This is possibly a code style related question, I studied a little deeper so
this is how I currently learned:
If you want a special Promise (subclass or extended), you should not use async
function since it casts the return value to a standard Promise
If you want to return a promise and attach callbacks to it (not returning
promise that spawns by then), you should not use async
function foo() {
var waiting = fetchResource();
// Since this code you should not use async functions
waiting.then(logMessage);
return waiting;
}
After all above cases, it is still OK to use none async functions that returns
Promise, but it’s quite hard to determines if one method is actual async (with
Promise) or sync (immediately return values), so I may preferr to mark all
async function async for better read experience
Never write return await xxx;, it seems useless either xxx is a promise or not
Anyway this is not an issue about spec itself, it’s more like an open
discussion, thanks for reply :)
Best regards
Gray Zhang
在 2015年6月3日 下午4:18:14, Gruenaum Benjamin ([email protected]) 写到:
A function needs to be defined `async` if you intend to possibly use the await
keyword inside it.
> If a function is returning Promise, it MUST be async If a function depends on
> an async function, it **MUST be async A further question could be, if one
> function only contains some simple then calls to promise, should it become an
> async function and use await in all possible cases to eliminate then calls?
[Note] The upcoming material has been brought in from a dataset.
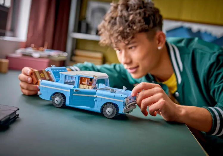Αυτό το σετ προσφέρει μια μοναδική εμπειρία παιχνιδιού και επίδειξης, αναπαριστώντας το πιο διάσημο όχημα του Wizarding World. Με ειδικές λειτουργίες που ενεργοποιούνται πατώντας τους προφυλακτήρες, μπορείς να ανοίξεις τις πόρτες και το πορτμπαγκάζ ή να δεις τις αποσκευές των ηρώων να “πετούν” έξω, ακριβώς όπως στη σκηνή της ταινίας.

No, it's possible to have legitimate use cases where this is not the case, for
example:
```js
async function foo() { ...} // queries an API
async function bar() { ... } // queries an API
function fooBar() {
return Promise.all([foo(), bar()]);
}
```
It's a contrived simplified example but the point is you might have functions
that work on promises that should not themselves be `async`.
For example, in your updateUser function, you can remove `async` and `await`
and get the same value (as you observed in growUp1).
To clarify, there is no _semantic_ distinction in your examples between an
async function and a regular function that returns a promise - it's just syntax
sugar - just like generators and regular functions that return iterables.